Your instructions.
Set down the whole listing below exactly. The pictures stay out.
━━ Supplied information ━━
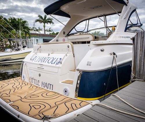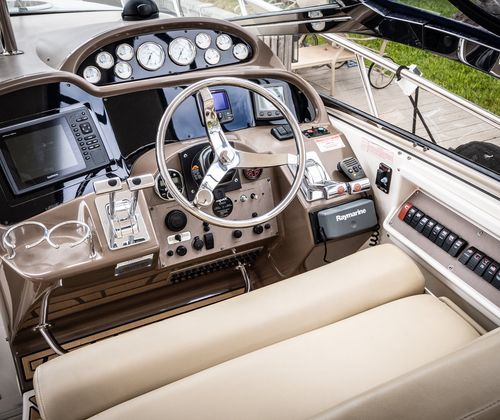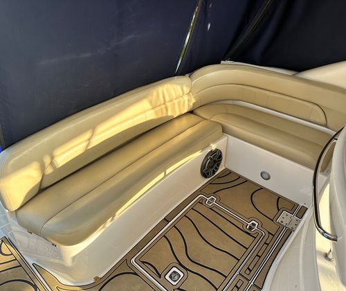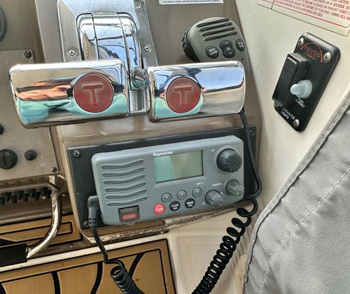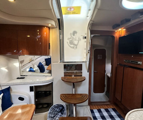 Salon • Chrome Overhead Lighting With Dimmer • Removable dinette table • Overhead Skylight Hatch With Blinds and Screen • Recliner Seating Galley • Hardwood Flooring • Corian Countertops • Stainless Steel Sink • Electric Stove (2 Burner) • Microwave • Nova Kool Refrigerator and Freezer Combo (7.5 Cubic Ft.) • 11 Gallon Waste Receptacle Forward Stateroom and Head • Inner Spring Mattress With Storage Underneath • Overhead Hatch • Two Hanging Lockers With Cedar Lining • Double-wide Sliding Privacy Door • Vacuflush Toilet • Full Fiberglass Stand-Up Head With Settee • Cultured Marble Floor • A/C Vent • Carbon Monoxide Detector Mid Cabin Stateroom and Head • Twin Beds Convert to Queen Size Berth • Overhead Vanity Cabinet • Under Mattress Storage • Full Fiberglass Head Compartment With Stand-up Shower • Vacuflush Toilet • Garmin 820xs With 8" Color Screen and HD-ID, CHIRP and DownVü with CHIRP Sonar Technology • Raymarine AutoPilot System and Depth Sounder • Raymarine VHF • Abyss Underwater Lighting • Fusion Apollo Stereo System With JL Audio and Fusion Speakers
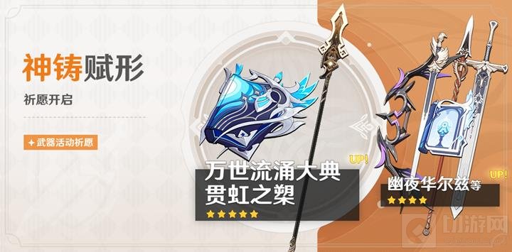 《原神》中的「神铸赋形」活动祈愿已经开启,将持续至2024年12月31日14:59。在这次活动中,限定的5星武器「法器·万世流涌大典」和「长柄武器·贯虹之槊」的祈愿获取概率将得到显著提升。
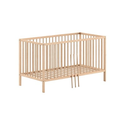 Otroška posteljica DINO70x140 cm, z odstranljivo stranico/z nastavljivo višino, z letvenim dnom, iz masivne bukve, površinska obdelava: lak, v naravni barvi
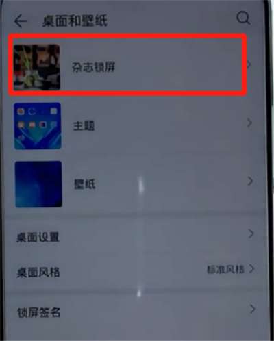 2.找到桌面和壁纸,找到杂志锁屏选项,
━━━
Your solution.
 Salon • Chrome Overhead Lighting With Dimmer • Removable dinette table • Overhead Skylight Hatch With Blinds and Screen • Recliner Seating Galley • Hardwood Flooring • Corian Countertops • Stainless Steel Sink • Electric Stove (2 Burner) • Microwave • Nova Kool Refrigerator and Freezer Combo (7.5 Cubic Ft.) • 11 Gallon Waste Receptacle Forward Stateroom and Head • Inner Spring Mattress With Storage Underneath • Overhead Hatch • Two Hanging Lockers With Cedar Lining • Double-wide Sliding Privacy Door • Vacuflush Toilet • Full Fiberglass Stand-Up Head With Settee • Cultured Marble Floor • A/C Vent • Carbon Monoxide Detector Mid Cabin Stateroom and Head • Twin Beds Convert to Queen Size Berth • Overhead Vanity Cabinet • Under Mattress Storage • Full Fiberglass Head Compartment With Stand-up Shower • Vacuflush Toilet • Garmin 820xs With 8" Color Screen and HD-ID, CHIRP and DownVü with CHIRP Sonar Technology • Raymarine AutoPilot System and Depth Sounder • Raymarine VHF • Abyss Underwater Lighting • Fusion Apollo Stereo System With JL Audio and Fusion Speakers
 《原神》中的「神铸赋形」活动祈愿已经开启,将持续至2024年12月31日14:59。在这次活动中,限定的5星武器「法器·万世流涌大典」和「长柄武器·贯虹之槊」的祈愿获取概率将得到显著提升。
 Otroška posteljica DINO70x140 cm, z odstranljivo stranico/z nastavljivo višino, z letvenim dnom, iz masivne bukve, površinska obdelava: lak, v naravni barvi
 2.找到桌面和壁纸,找到杂志锁屏选项,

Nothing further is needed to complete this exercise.